Toute pause estivale dans la reprise américaine pourrait être compensée par une relance budgétaire plus forte. Les inquiétudes grandissantes à l’égard des perspectives économiques signifient qu’il est probablement encore plus probable qu’avant que le nouveau train de mesures budgétaires, que le Congrès américain devrait adopter dans les 10 jours, aille bien au-delà des 1 000 milliards de dollars que les Républicains ont proposés.

Politique économique – la Réserve fédérale américaine prolonge les mesures d’urgence

  • Dans ce qui pourrait bien être un signe d’inquiétude quant à une aggravation de la situation, la Fed a annoncé le 28 juillet qu’elle prolongerait l’ensemble de ses facilités de prêt d’urgence jusqu’à la fin de l’année au lieu d’y mettre un terme, comme initialement prévu, en septembre.

La réunion de juillet du FOMC (Federal Open Markets Committee) s’est achevée le 29 juillet. L’objectif des fonds fédéraux devrai rester dans la fourchette 0 % – 0,25 %, en vigueur depuis le 15 mars et les achats de titres vont se poursuivre, au moins au rythme actuel.

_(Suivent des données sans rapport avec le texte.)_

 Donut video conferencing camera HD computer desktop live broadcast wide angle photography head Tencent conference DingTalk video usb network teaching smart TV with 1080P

La Fed a confirmé son intention d’utiliser tous les instruments à sa disposition pour soutenir l’économie et assurer la stabilité des marchés financiers.

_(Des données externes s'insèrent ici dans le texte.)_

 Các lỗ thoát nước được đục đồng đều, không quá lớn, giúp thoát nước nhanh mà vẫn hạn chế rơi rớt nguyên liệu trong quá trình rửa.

Une réunion du FOMC sans annonce majeure pourrait ouvrir la voie à une réunion plus riche en événements en septembre, au cours de laquelle la Fed devrait publier les conclusions de sa revue stratégique et présenter les changements attendus. Cela pourrait se traduire par l’adoption par le FOMC d’un objectif d’inflation moyenne et d’indications sur la politique monétaire plus étroitement associées à ce nouvel objectif. La Fed ne semble toujours pas en faveur d’une politique de contrôle de la courbe des taux. Une dégradation plus marquée de la situation économique serait nécessaire pour l’adoption d’une telle mesure.

  • Alors qu’il apparaît désespérément désireux d’améliorer sa cote de popularité, le président Trump pourrait aggraver le conflit avec la Chine. Toutefois, une véritable guerre commerciale avec des droits de douane beaucoup plus élevés et de graves conséquences pour les consommateurs et les entreprises américains pourrait se retourner contre lui. Les démonstrations de force pourraient s’intensifier mais le retour à la guerre commerciale totale de 2019 semble peu probable. Même si cela devait se produire, les marchés pourraient ne pas réagir outre mesure, car une telle guerre commerciale pourrait augmenter la probabilité d’une politique plus pondérée (mais pas nécessairement plus souple) du futur Président.
  • Enfin, en Europe, le plan de relance de 750 milliards d’euros et le budget sur sept ans de 1,1 milliard d’euros pour l’UE rencontrent de sérieux obstacles au parlement européen et dans les parlements nationaux. L’accord devrait malgré tout être approuvé après quelques gesticulations.

Evolution des marchés – Nouveau record pour l’or

Les prix de l’or ont établi de nouveaux records fin juillet (voir graphique 1 ci-dessous), franchissant le sommet précédent de 1 921 USD/once qui avait été atteint en 2011. La demande a augmenté cette année, entraînant une hausse de 25 % du prix de l’or depuis début 2020. La Grande récession liée au Covid-19 ayant donné lieu à des programmes coordonnés de relance monétaire et budgétaire sans précédent, il existe de solides arguments en faveur de l’or pour se protéger contre une dévaluation de la monnaie fiduciaire et une accumulation des problèmes politiques (par exemple, les élections américaines, les tensions sino-américaines). L’or est une réserve de valeur. Elle n’offre aux investisseurs aucun revenu, mais cela a moins d’importance dans un monde où les obligations à rendement négatif sont plus nombreuses que jamais.